━━━━━ Exercise materials ━━━━━

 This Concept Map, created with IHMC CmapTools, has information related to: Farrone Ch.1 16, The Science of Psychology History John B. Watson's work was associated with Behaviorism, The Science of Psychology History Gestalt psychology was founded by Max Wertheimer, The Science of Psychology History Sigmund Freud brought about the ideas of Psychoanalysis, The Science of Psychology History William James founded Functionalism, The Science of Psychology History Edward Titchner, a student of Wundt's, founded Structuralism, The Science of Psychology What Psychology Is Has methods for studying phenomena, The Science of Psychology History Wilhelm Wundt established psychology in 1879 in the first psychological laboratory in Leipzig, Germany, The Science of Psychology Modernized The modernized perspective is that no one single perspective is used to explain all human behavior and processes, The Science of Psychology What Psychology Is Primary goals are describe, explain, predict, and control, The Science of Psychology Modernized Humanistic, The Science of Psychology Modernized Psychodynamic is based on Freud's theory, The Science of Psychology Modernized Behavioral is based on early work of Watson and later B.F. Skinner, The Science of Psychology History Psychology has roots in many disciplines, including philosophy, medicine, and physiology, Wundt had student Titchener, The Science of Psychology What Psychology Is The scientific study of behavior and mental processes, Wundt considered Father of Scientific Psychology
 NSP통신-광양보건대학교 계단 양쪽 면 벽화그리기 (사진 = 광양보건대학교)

━━━━━
━━━━━ Exercise materials ━━━━━

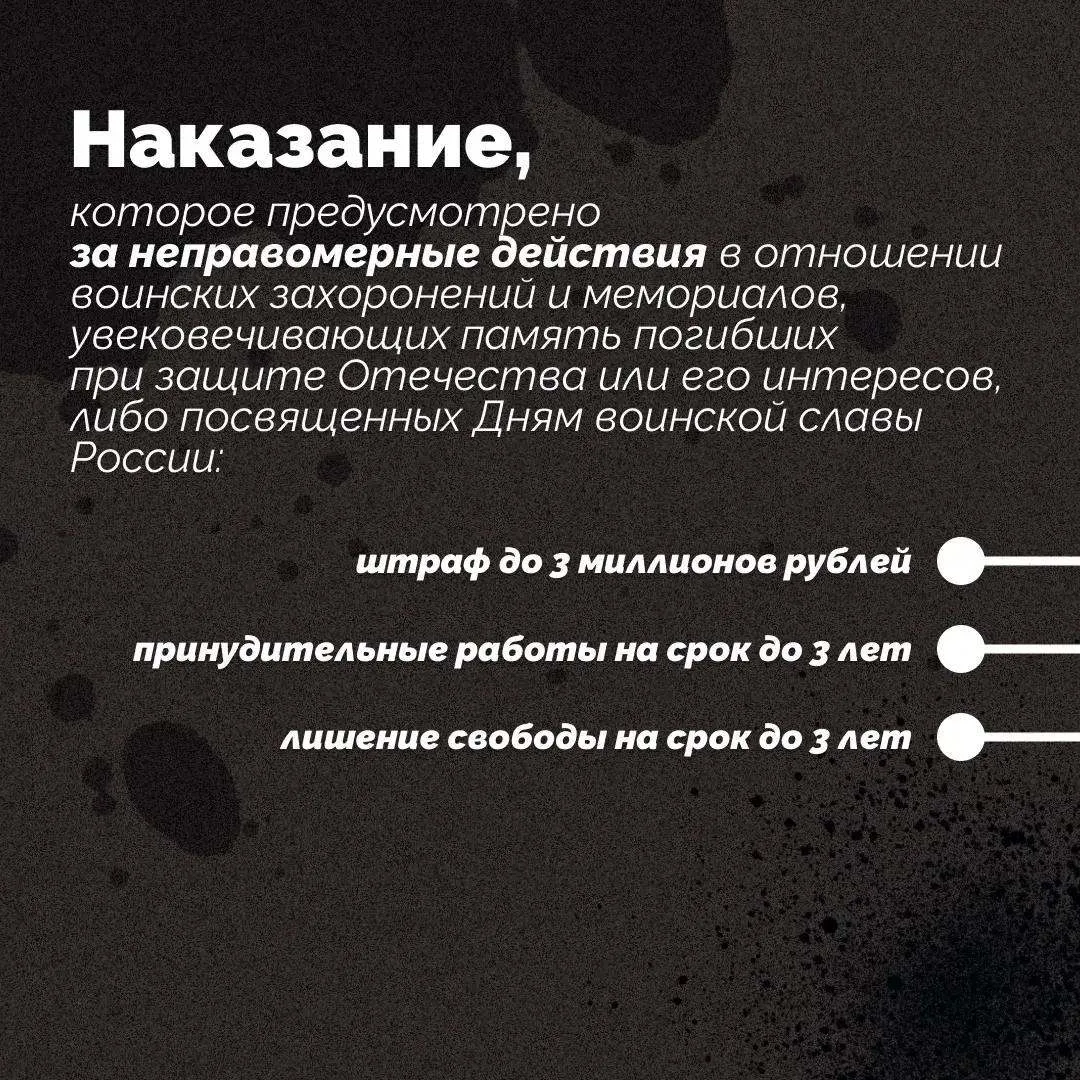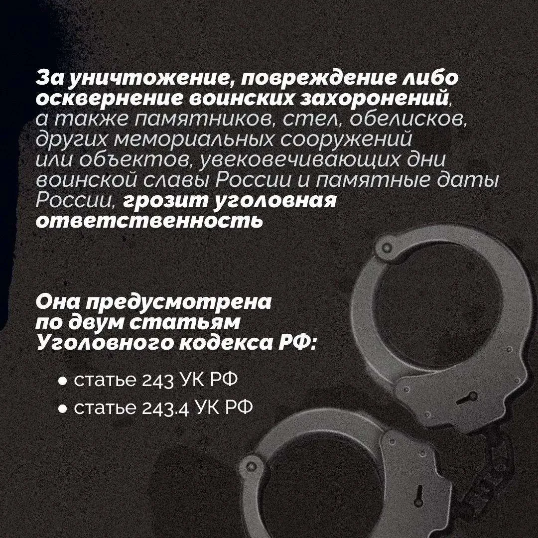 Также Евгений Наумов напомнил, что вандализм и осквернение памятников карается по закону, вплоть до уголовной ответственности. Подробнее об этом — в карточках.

━━━━━
━━━━━ Exercise materials ━━━━━

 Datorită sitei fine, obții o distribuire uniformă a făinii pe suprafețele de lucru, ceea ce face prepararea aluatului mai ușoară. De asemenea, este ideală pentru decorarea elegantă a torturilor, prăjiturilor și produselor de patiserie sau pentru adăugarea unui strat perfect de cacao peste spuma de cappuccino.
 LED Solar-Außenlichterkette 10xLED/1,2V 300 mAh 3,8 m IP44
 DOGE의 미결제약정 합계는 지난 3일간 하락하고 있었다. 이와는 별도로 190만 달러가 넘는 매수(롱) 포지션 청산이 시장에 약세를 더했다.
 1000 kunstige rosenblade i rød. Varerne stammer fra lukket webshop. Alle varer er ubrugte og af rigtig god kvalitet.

━━━━━

[Task prompt] Please copy the lines in the records above between the one holding "Datorită sitei fine, obții" and the one holding "1000 kunstige rosenblade", inclusive, exactly and with no other line.

[Exercise response]
 Datorită sitei fine, obții o distribuire uniformă a făinii pe suprafețele de lucru, ceea ce face prepararea aluatului mai ușoară. De asemenea, este ideală pentru decorarea elegantă a torturilor, prăjiturilor și produselor de patiserie sau pentru adăugarea unui strat perfect de cacao peste spuma de cappuccino.
 LED Solar-Außenlichterkette 10xLED/1,2V 300 mAh 3,8 m IP44
 DOGE의 미결제약정 합계는 지난 3일간 하락하고 있었다. 이와는 별도로 190만 달러가 넘는 매수(롱) 포지션 청산이 시장에 약세를 더했다.
 1000 kunstige rosenblade i rød. Varerne stammer fra lukket webshop. Alle varer er ubrugte og af rigtig god kvalitet.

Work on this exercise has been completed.